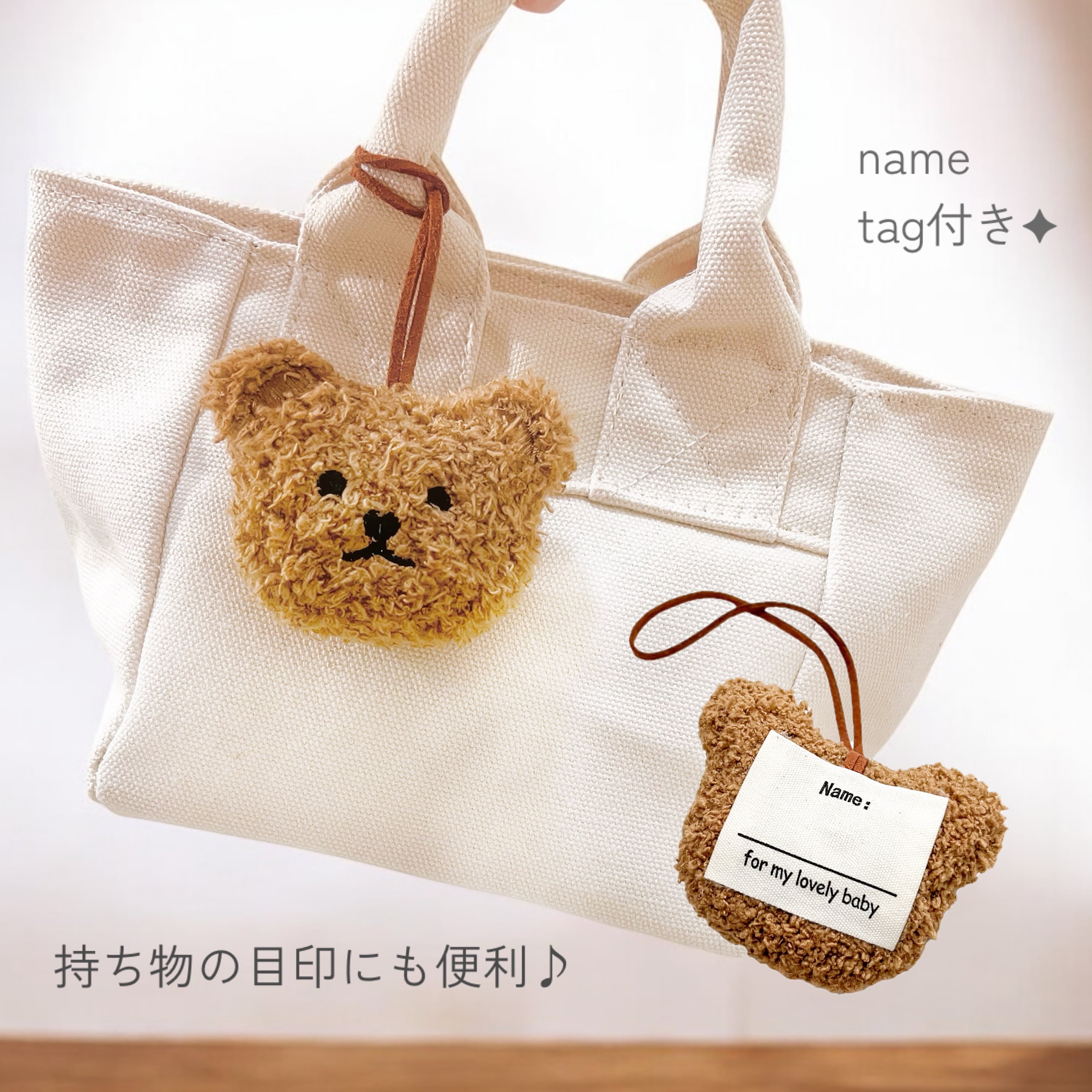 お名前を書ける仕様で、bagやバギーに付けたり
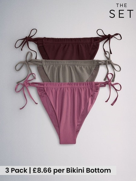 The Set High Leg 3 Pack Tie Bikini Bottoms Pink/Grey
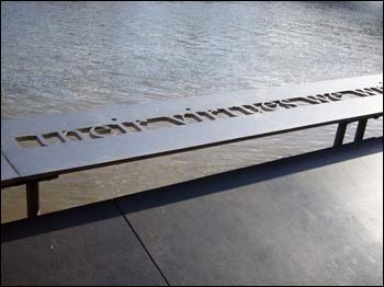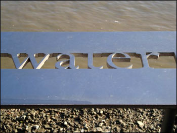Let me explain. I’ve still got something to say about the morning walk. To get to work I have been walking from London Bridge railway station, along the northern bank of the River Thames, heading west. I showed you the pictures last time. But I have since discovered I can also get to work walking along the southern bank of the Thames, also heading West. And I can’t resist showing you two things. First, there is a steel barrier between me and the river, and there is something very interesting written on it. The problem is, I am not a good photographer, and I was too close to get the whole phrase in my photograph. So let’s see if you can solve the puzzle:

Task details:
Please give the data again in full, exactly as written, but without any images.

Output of the exercise:
 お名前を書ける仕様で、bagやバギーに付けたり
 The Set High Leg 3 Pack Tie Bikini Bottoms Pink/Grey
Let me explain. I’ve still got something to say about the morning walk. To get to work I have been walking from London Bridge railway station, along the northern bank of the River Thames, heading west. I showed you the pictures last time. But I have since discovered I can also get to work walking along the southern bank of the Thames, also heading West. And I can’t resist showing you two things. First, there is a steel barrier between me and the river, and there is something very interesting written on it. The problem is, I am not a good photographer, and I was too close to get the whole phrase in my photograph. So let’s see if you can solve the puzzle:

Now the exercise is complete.